1) Power reactor, or what is commonly referred to as a nuclear power plant is a reactor used to generate electric power. In the power reactor, steam is used with high temperature and pressure produced by the fission reaction to turn the turbine. The turbine drives a generator which produces electricity. Meanwhile, the neutrons produced are partially absorbed by the control elements, and partially converted back into neutrons to carry out the sequence reaction.
At least, there are two types of power reactors (which are commonly used), namely:
- Thermal Reactor: This reactor uses a neutron moderator to slow down the neutrons so that further fission reactions can be generated. In Figure 7, the neutrons produced from fission reaction have high energy or in a fast condition, and must be lowered or slowed down by a moderator so it can be ensuring the continuity of the sequence reaction.

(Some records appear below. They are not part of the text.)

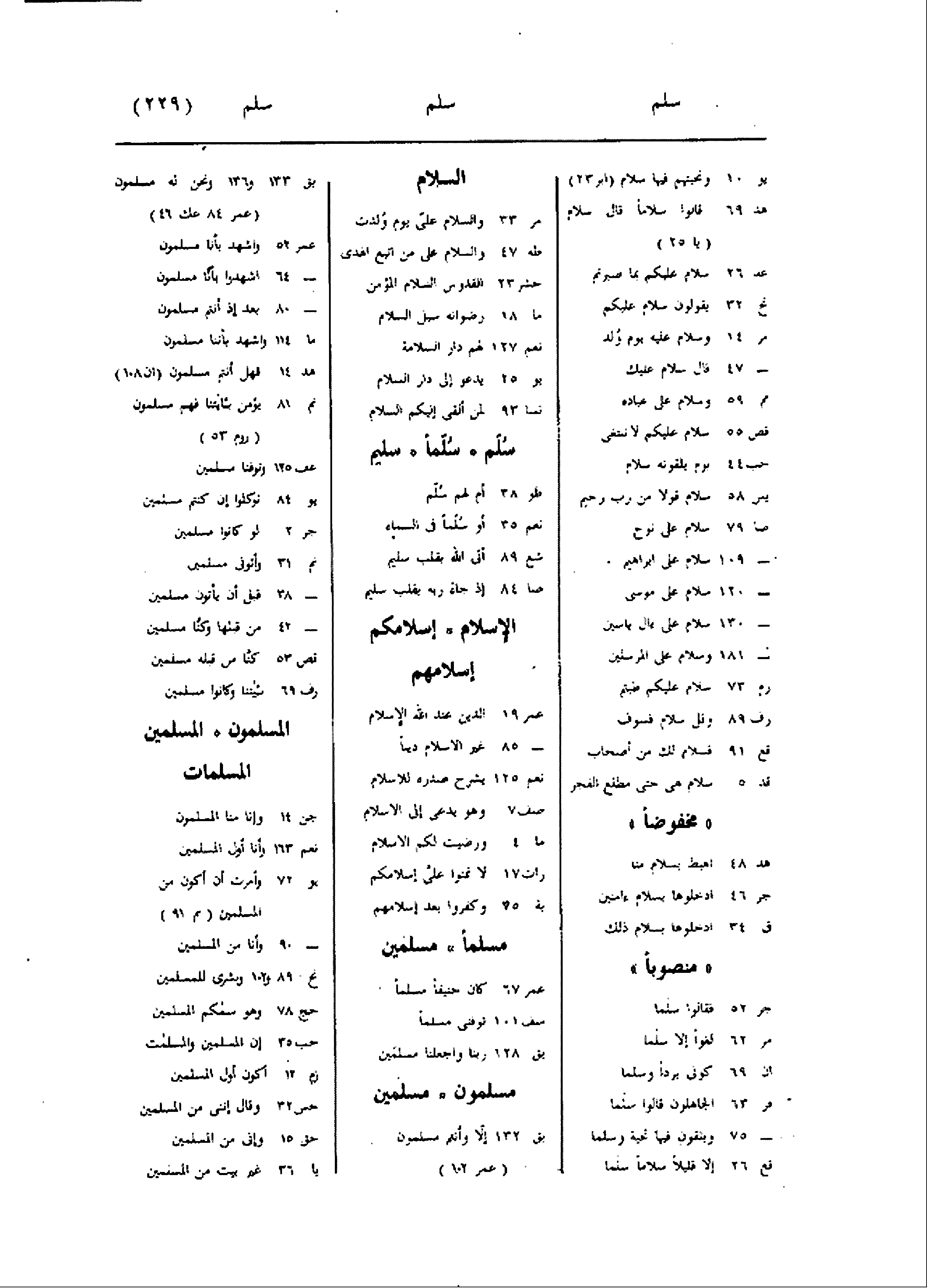 69 قالوا سلاما قال سلام (يا 25) عد 26 سلام عليكم بما صبرتم نح 32 يقولون سلام عليكم مر 14 وسلام عليه يوم ولد- 47 قال سلام عليك مم 59 وسلام على عباده قص 55 سلام عليكم لا نبتغى حب 44 يوم يلقونه سلام يس 58 سلام قولا من رب رحيم صا 79 سلام على نوح- 109 سلام على ابراهيم- 120 سلام على موسى- 130 سلام على ءال ياسين- 181 وسلام على المرسلين زم 73 سلام عليكم طبتم رف 89 وقل سلام فسوف قع 91 فسلام لك من أصحاب قد 5 سلام هى حتى مطلع الفجر «مخفوضا» هد 48 اهبط بسلام منا جر 46 ادخلوها بسلام ءامنين ق 34 ادخلوها بسلام ذلك «منصوبا» جر 52 فقالوا سلاما مر 62 لغوا إلا سلاما ان 69 كونى بردا وسلما فر 63 الجاهلون قالوا سلما- 75 ويلقون فيها تحية وسلما قع 26 إلا قليلا سلاما سلما السلام مر 33 والسلام علىّ يوم ولدت طه 47 والسلام على من اتبع الهدى حشر 23 القدوس السلام المؤمن ما 18 رضوانه سبل السلام نعم 127 لهم دار السلامة يو 25 يدعو إلى دار السلام نسا 93 لمن ألقى إليكم السلام سلّم سلّما سليم طو 38 أم لهم سلّم نعم 35 أو سلّما فى السماء شع 89 أتى الله بقلب سليم صا 84 إذ جاء ربه بقلب سليم الإسلام إسلامكم إسلامهم عمر 19 الدين عند الله الإسلام- 85 غير الإسلام دينا نعم 125 يشرح صدره للاسلام صف 7 وهو يدعى إلى الاسلام ما 4 ورضيت لكم الاسلام رات 17 لا تمنوا علىّ إسلامكم بة 75 وكفروا بعد إسلامهم مسلما مسلمين عمر 67 كان حنيفا مسلما سف 101 توفنى مسلما بق 128 ربنا واجعلنا مسلمين مسلمون مسلمين بق 132 إلّا وأنتم مسلمون (عمر 102) بق 133 و 136 ونحن له مسلمون (عمر 84 عك 46) عمر 52 واشهد بأنا مسلمون- 64 اشهدوا بأنّا مسلمون- 80 بعد إذ أنتم مسلمون ما 114 واشهد بأننا مسلمون هد 14 فهل أنتم مسلمون (ان 108) نم 81 يؤمن باياتنا فهم مسلمون (روم 53) عف 125 وتوفنا مسلمين يو 84 توكلوا إن كنتم مسلمين جر 2 لو كانوا مسلمين نم 31 وأتونى مسلمين- 38 قبل أن يأتون مسلمين- 42 من قبلها وكنّا مسلمين قص 53 كنّا من قبله مسلمين رف 69 بئيتنا وكانوا مسلمين المسلمون المسلمين المسلمات جن 14 وإنا منا المسلمون نعم 163 وأنا أول المسلمين يو 72 وأمرت أن أكون من المسلمين (نم 91) - 90 وأنا من المسلمين نح 89 و 102 وبشرى للمسلمين حج 78 وهو سمكم المسلمين حب 35 إن المسلمين والمسلمات زم 12 أكون أول المسلمين حس 32 وقال إننى من المسلمين حق 15 وإنى من المسلمين يا 36 غير بيت من المسلمين
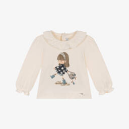 Cosy and comfortable for little girls, these light brown trousers by Mayoral are made in soft velour corduroy. They have an elasticated waist for easy pull-on, with cute faux pockets on the front and two functional pockets on the back.
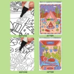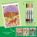 - Comes with 20 meditative scenes and 4 double-sided markers (8 vibrant colors) in a detachable storage tray
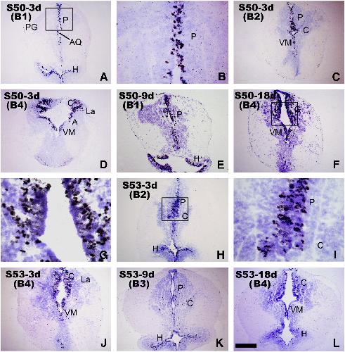 Labeling in the diencephalic auditory areas after the injections of [3H]-thymidine into tadpoles at S50 (A–G) or 53 (H–L). Tadpoles were allowed to survive for 3 d (A to D and H to G), 9 d (E and K), or 18 d (F and L). The boxed areas in A, F, and H are further magnified in the next image. The brain levels of the images located (B1 to B4) are shown in Fig. 1. Scale bar = 50 μm for B, G, I, and L and 200 μm for the others. For the abbreviations, see list.
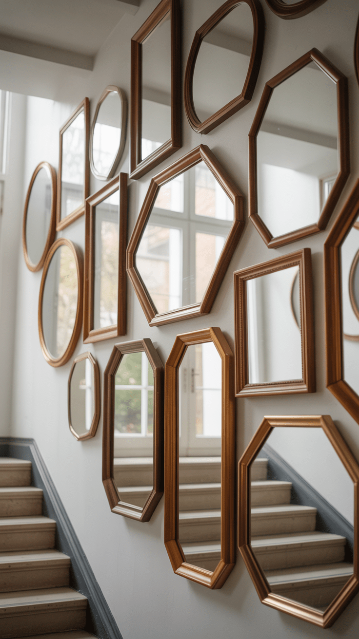 Hänge die Spiegel auf Augenhöhe des mittleren Pods und variiere den Abstand leicht. Arbeite mit verschiedenen Rahmenmaterialien wie Metall, Holz oder Kork für eine lebendige Wirkung. Achte auf sichere Befestigung in tragfähigen Wänden.
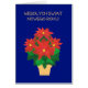 鮮やかで祭り的なクリスマスカード。ポーランド語のクリスマスメッセージ(Wesolych+Swiat)と、深い青い背景に金箔効果のポットに入った鮮やかな赤いポインセチア。デザインはジュディ・アダムソンによる手描きの紙コラージュで、自由にメッセージを書き込むことができます。
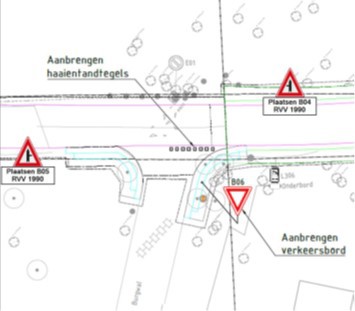 deze voorrangsregeling kan geschieden door het plaatsen van haaientanden en verkeersbord B06 uit bijlage I van het Reglement Verkeersregels en Verkeerstekens 1990 (RVV 1990);
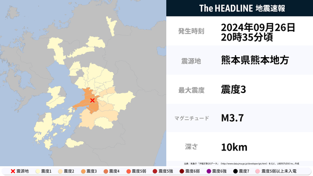 9月26日20時35分頃、熊本県で最大震度3の地震を観測
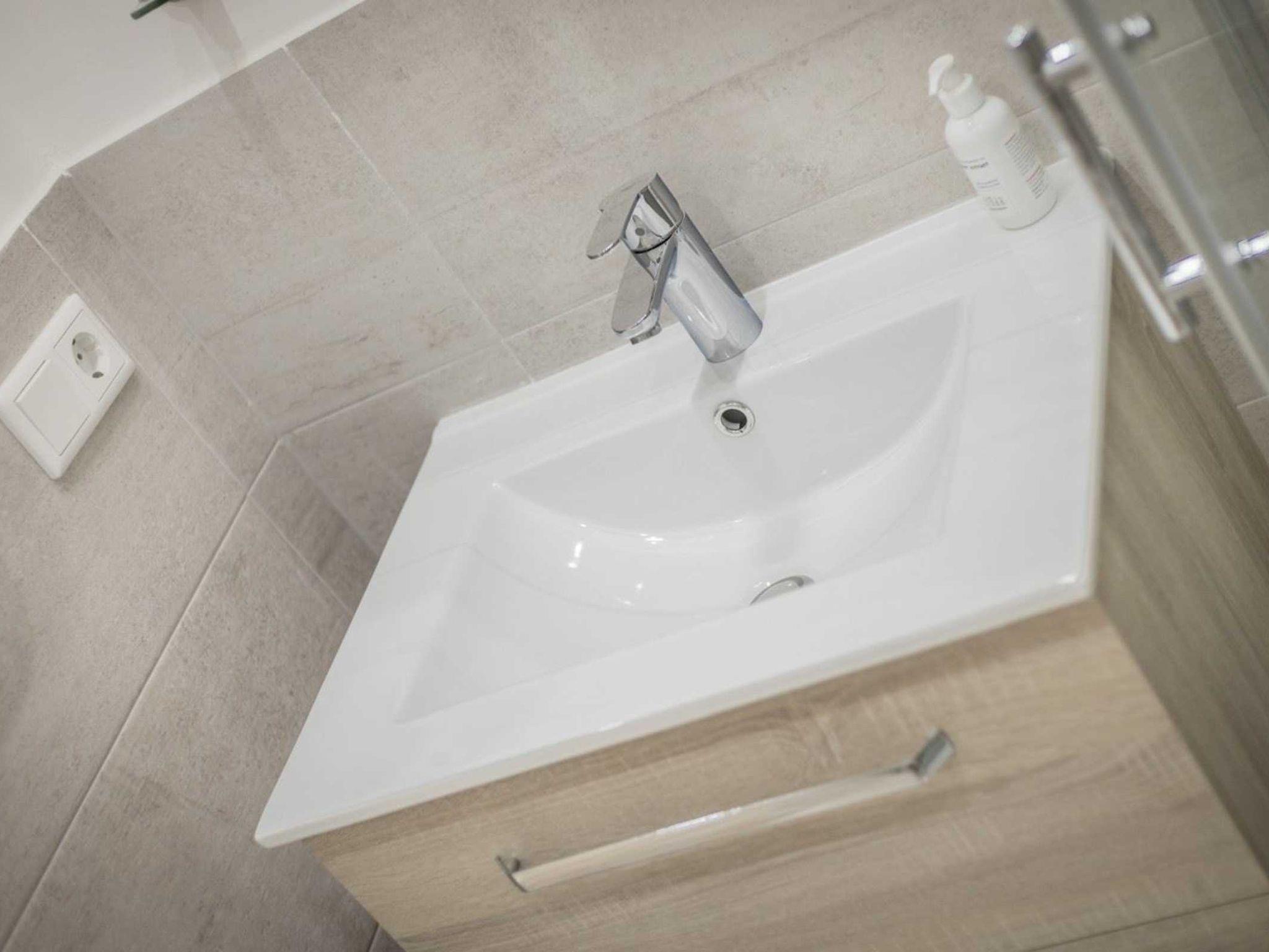 Badezimmer (Duschbad) mit Dusche, WC, Handtuchwärmer und Föhn.
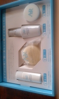 ゴージャスな箱に入って登場しました。中身はクレンジングオイル・ソープ・ミスト化粧水・アクアレイナ(オールインワンゲル)です。うーん、私には(40代)ちょっと潤いが足りないというか、しっとりとはするんですが持続性がなかったです。独特のオールインワンゲルの香りが普段無香料を使っている自分としては気になるところ。もっと若い人向けかな?と思いました。もっとすーっと浸透すれば言うことなかったんですが。星は三つということで。 |
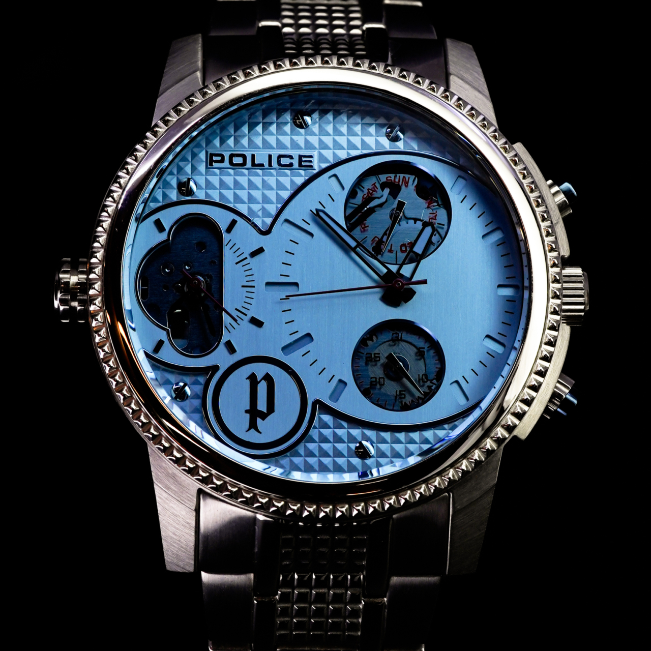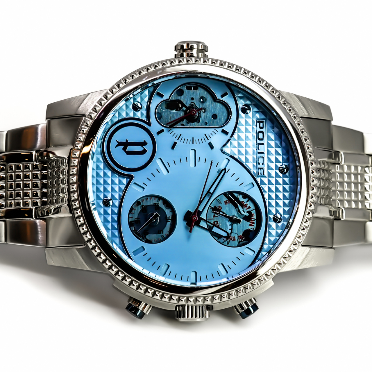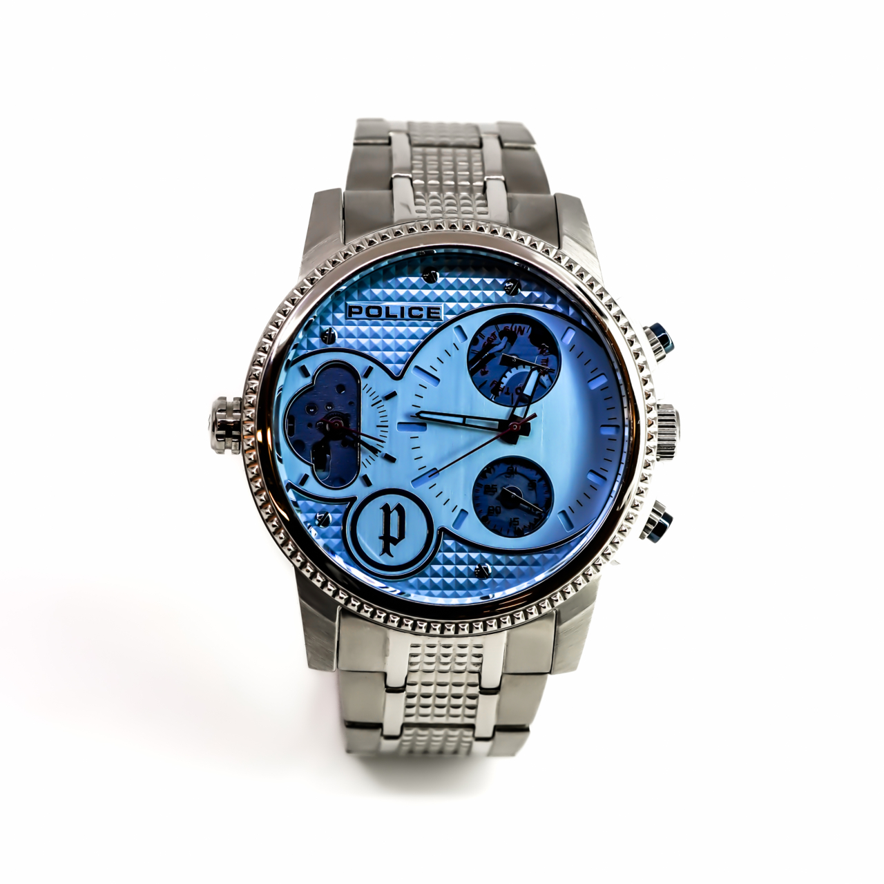 Finished on a solid stainless steel bracelet with a signed Police clasp, this watch has real wrist presence and is designed to stand out rather than blend in.
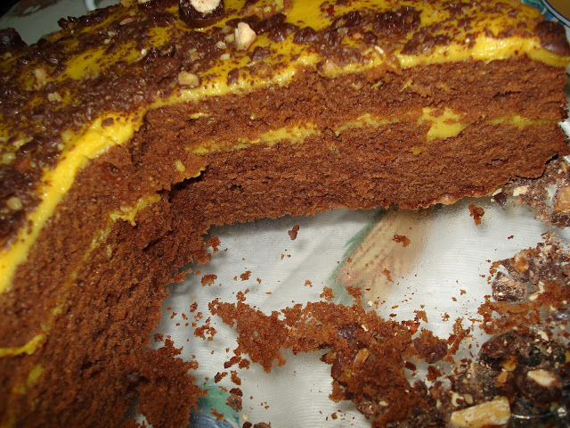 Deixei arrefecer um pouco e recheei e cobri o bolo.

- Fast Reactor: In Figure 8, this reactor can maintain a continuous sequence reaction without the need for a neutron moderator. Because fast reactors use a different type of fuel than thermal reactors, the neutrons produced in the fast reactors do not need to be slowed down to ensure the fission reaction continues.
2) Research reactor, a nuclear reactor with main use is for research, training and education, and is not used to produce large amounts of electrical energy. Research reactor types are generally in the form of pool-type in Figure 9, tank-type, pool-in-tank type, and TRIGA (Training, Research, Isotopes, General Atomics). These reactors produce a variety of things (especially neutrons) that are useful in a variety of fields, including physics, chemistry, medicine, industry, forensics and so on, including materials testing and training. Research reactors are also used in producing radioisotopes. A radioisotope is an atom that has excess energy making it unstable.
Some functions of the radioisotopes are:
- The field of Health: Radioisotopes can be used for radiation therapy, such as therapy for thyroid disorders and therapy for polycythemia vera and leukemia. In addition, radioisotopes can also be used for the diagnosis of function and anatomy of organs, as well as the study of circulation and blood loss.
- The field of Agriculture: Radioisotopes can be used as tracer in research on the efficiency of plant fertilization. The radioisotope tracer technique will provide an appropriate and economical fertilization method.
- The field of Hydrology: Radioisotopes can be used to measure the velocity and discharge of river water, groundwater and seepage, leakage of dams and submerged pipelines, dumping locations, origin/pattern of sediment flow and deposition rate.
- The field of Industrial: Radioisotopes can be used in radiographic techniques. Radiographic technique is a technique that is often used, especially in the construction stages. In the petroleum industry sector, this technique is used in testing the quality of welds during the installation of oil/gas pipes and oil refinery installations. In addition to steel construction parts that are considered critical, this technique is also used in testing the weld quality of high-pressure steam boilers and in testing cracks in concrete construction.